La de rojo y la de azul. Que bien hacen de gaznápiras en la presentación con la patata y los vasos. Todas risueñas, felices, despreocupadas. Con esa frescura propia de las veinteañeras que alargan la pavería de la adolescencia, y aunque ya no les huele a agua de rosas, aún no desprende el tufillo a pescado. Ay, que tontas y que bonitas, tan inalcanzables para un humilde forero, tan deseadas como insufribles.
La de rojo no es que sea una belleza pero es atractiva, la otra no, la otra es normalilla, casi feucha. Y que patas, rectas como columnas romanas, tiene la de rojo, y que cinturita tan rica, perfecta a mi parecer. Y la de azul, con esa apertura de patas que remata en una cintura diminuta, esas caderas toas abiertas, esa pelvis que despierta el instinto primitivo del macho para que la fecunde. Ambas, sin tetas, las cosas como son. Pero aún son jóvenes y seguro que después de preñarlas desarrollan buenas ubres para amamantar. Sí.

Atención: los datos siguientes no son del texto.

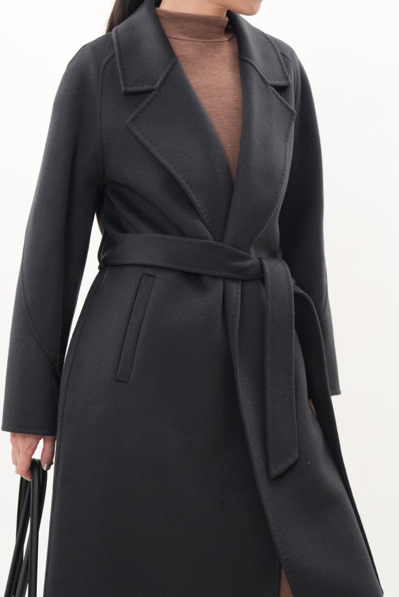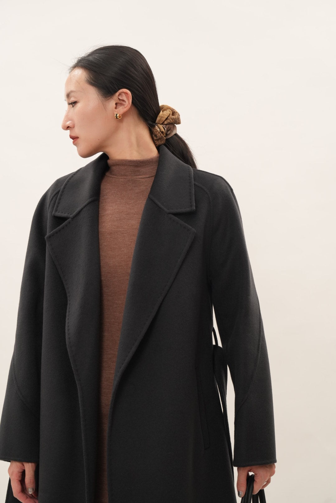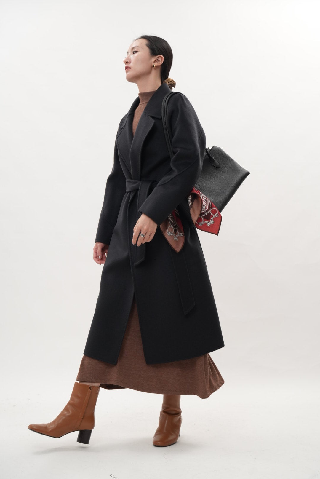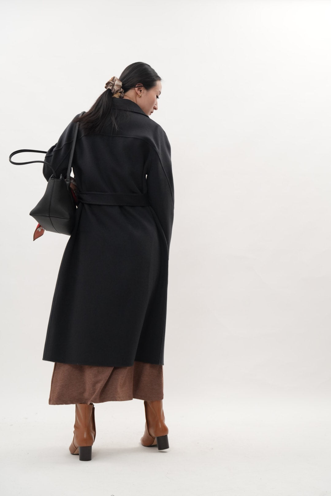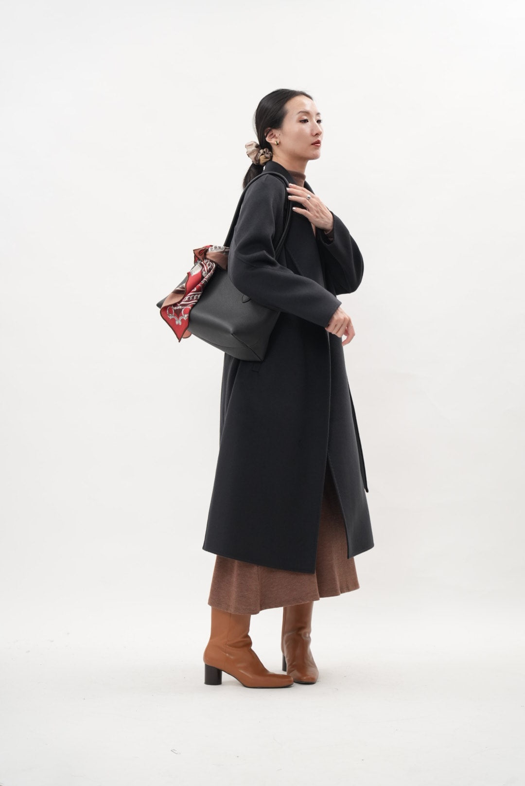 ウール100% ダブルフェイスロングコート(チャコールグレー)

Me gustaría, no, me gustaría no, desearía verlas por un agujerito cuando están en el cuarto de baño de sus casas, en la más absoluta intimidad, depilándose sus chochitos para purificarlos del sucio e impúdico vello que las hace ser mayores. Me gustaría observarlas cómo se rasuran, como devuelven la fachada de virginidad a sus chochos y se desprenden de esos pelos negros, gruesos y rizados que solo sirven para abultarles la entrepierna cuando se ponen ropita ajusta, o para retener las gotas de pis o sangre. Ellas son puras, se blanquean los dientes, se echan mascarilla en el pelo, se hacen la mani y pedicura, se untan el cuello y el interior de las muñecas con perfume, no ventosean con ruido. Qué dos flores, ya granadas, pero aún no marchitas. En plenitud, mostrando toda su fragancia, todo su potencial. Las amo, a ambas. Putas.